That’s totally true. You never know where something will take you. But also in more practical terms, how did you get it made?
It’s so weird and specific and singular. I think I made it very easy for me because from the beginning I was telling Sheila, “I wanna do this black-and-white Iranian vampire film, stylized and tricked out like Rumblefish. It’s gonna be like a fairy tale and I want you to be the vampire,” and she was in. And then I got the rest of the cast that way. Once I had them, I wrote the script. It was so specific. If it’s that freaky and weird, it’s almost easy because you can’t have a mid-range reaction, you know? People were like, Oh, yes, can I read the script? And then they read the script and were like,Black-and-white and Farsi! When I was looking for investors, a few people were like, “It’s great, we love the script. Let’s do it in English.” And I was like, You’re a fucking idiot. It’s an Iranian fairytale, it’s gonna be in Farsi. The next question after that becomes, “Yeah, it’s great. Do it in color!” And the question after that was some other stupid question.
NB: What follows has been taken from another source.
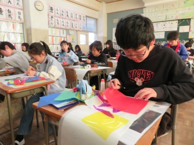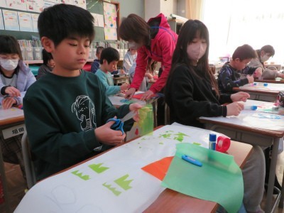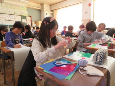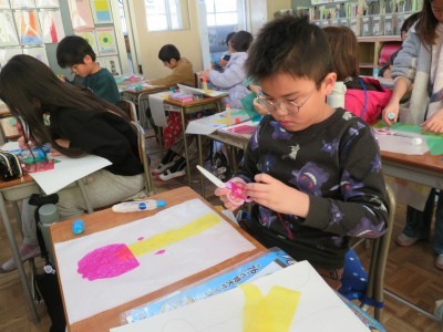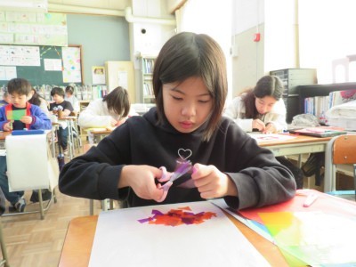 先日は、4年2組が「光のさしこむ絵」の制作に取り組みましたが、この日は、4年1組の番でした。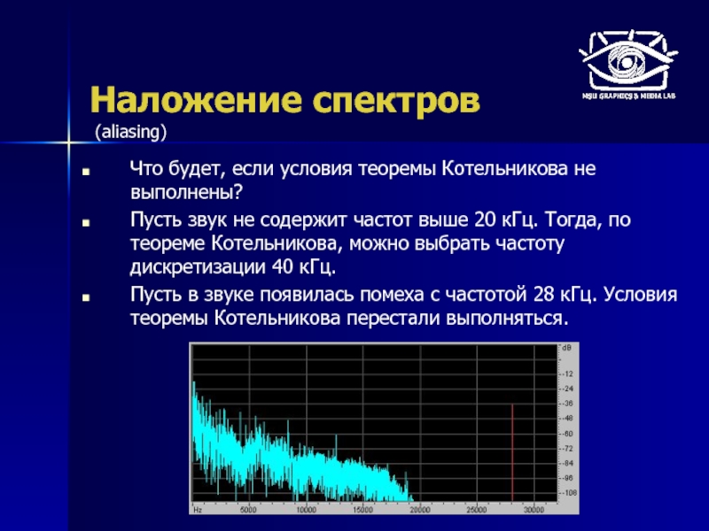 Пусть в звуке появилась помеха с частотой 28 кГц. Условия теоремы Котельникова перестали выполняться.

“Can you do it with white American actors?”
So from that point of view, it was easy. As a human being and in life, it’s like if I really want to do something, I’ll just fucking do it.
Also, A Girl Walks Home is based on your earlier short film, though it’s much more expanded version of it.
When I did the short film, I had the chador. I put it on and was instantly like,I’m a vampire. This is an Iranian vampire. This is her. I made a short because I love that idea, and thought it should be black-and-white. And then I went to Germany and was living there doing another short. I had three other films that I was trying to do before I left. Germany is the opposite of America, you can be as weird as you want and there’s no taboo about what a film can be about. It’s a really cool space cut off from this shit. I was just like what do I want to do? I loved that character. So when I came back, I convinced everyone to get involved. I was super industrious.
What’s your writing process like?
When I’m writing, I usually have five to ten scenes right at the beginning. I knew I wanted him to pierce her ears at the fucking power plant. I didn’t know how they were gonna get there, and then you have to give explanations for all the things you drop in your little stew… But I knew I wanted them to meet the way they did on the street, with him dressed like that. I figured out how many scenes to make when I was in film school by looking at all my favorite movies like Gummo and True Romance—they all have ten memorable scenes.
Now they have movies with 20 endings.
Twenty endings, 20 beginnings, three main characters—you don’t know what the fuck is going on. So many visual effects that it’s like going to a bachelor party. The next day you don’t really know what happened. It’s a blur of images.
But you think it was a good time.
Yeah.
The world that you make in your movie is so fleshed out, especially for a first feature. Can you talk about what Bad City means to you and where it came from?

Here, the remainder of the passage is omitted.